Because the two venturis are different sizes the carb mounts to the trough rotated 90 degrees. Looks funny, works great. There are two adapters available for this carb; both bolt to a "Carter YF" type flange. The one I got from Top End Performance, and the Trans-Dapt version (nearly indentical) need work with a file to fit. The carb-end holes are off and need to be filed/notched to accept the bolts. The large oval hole accommodates the bores fine. Make sure that the gasket seals correctly. I had to remove the manifold studs and use 3/4" bolts to mount it due to tight clearances.

There will be a fair amount of work required to couple the throttle linkage. This is not a bolt-in project. The carb on it's adapter puts the throttle higher than the twist rod. I extended the rod pivot at the firewall and welded up an adapter for the carb end. You could convert to a modern cable throttle, but if you have an automatic with transmission cable you will have to retain that which is tricky.

Redline makes a "Jeep Weber kit" that bolts onto the 195.6 OHV's most common single-barrel trough cover. The adapter raises the carb enough to clear the valve cover (which can be removed with the carb installed).

The 32/36 DGEV will fit under the hood, with air cleaner attached, on the pre-1964 Rambler Americans. I am told it hits the hood on 1964-up Americans.

Here's the kit from Top End Performance that I used. Link valid as of April 2022; it's Kit 550. There's a hilarious note in red that says "this carb is too small buy larger" which is certainly aimed at the sports car crowd. It is the correct carb for our 50, 60 year old, slow-turning engine.

Pressed-in fuel inlets have been known to pop out and pour gasoline all over the hot engine; remove, tap 1/8" NPT, install brass nipple.

Out of the box this carburetor will run terribly. The float level is not set correctly and the jets are chosen for some hypothetical small four-cylinder with big bores and short stroke. The procedure to tune them is very straightforward, but utterly alien to people used to American type carbs. Follow the procedure exactly and you'll get great results.

Here are my Weber tuning procedures.

Here are my settings, use these as a starting point.

low speed jet 55
idle stop screw 1/2 turn
idle mix screw 1.5 turns out
main jet 140
air bleed 170
float level 35mm




Weber 38/38 DGV

The 38/38 is almost identical to the 32/36, but the two venturis are the same size, the carb is not progressive (both open at once). Though intended to be used as one venturi feeding one half of an engine, on the 195.6 and the adapter it will be plumbed as a "one barrel" carb and both V's will feed all cylinders at once.

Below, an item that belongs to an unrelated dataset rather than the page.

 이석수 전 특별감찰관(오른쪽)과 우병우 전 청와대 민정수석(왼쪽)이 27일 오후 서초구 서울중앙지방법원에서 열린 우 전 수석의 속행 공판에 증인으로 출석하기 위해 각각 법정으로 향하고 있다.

This and the lack of progression make it less attractive for stock engines. If you are absolutely certin you will be keeping RPM up and throttle open in a range that the engine will flow the CFMs, it's a fine choice. It's the carb currently on my roadster. The 38/38 DGV is bolt-compatible with the 32/36 DGEV.

Pressed-in fuel inlets have been known to pop out and pour gasoline all over the hot engine; remove, tap 1/8" NPT, install brass nipple.

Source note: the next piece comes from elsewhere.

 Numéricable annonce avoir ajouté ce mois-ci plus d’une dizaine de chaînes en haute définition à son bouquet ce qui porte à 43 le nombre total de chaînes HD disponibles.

Here is a copy of my 38/38 tuning notes if you care. Please refer to my notes on Weber carburetor tuning for details on these carburetors.

Weber IDF series

Less practical Weber carburetor choices are the 40 IDF and the 44 IDF. I have used these on my highly modified roadster engine, which currently has the 38/38 DGV installed. The 40 IDF is great at WOT above 3000 rpm; you will find it undrivable on a stock engine. The 44 IDF was far too large to be tuneable on even my roadster; thr 40 IDF replaced it.

Please refer to my notes on Weber carburetor tuning for details on these carburetors.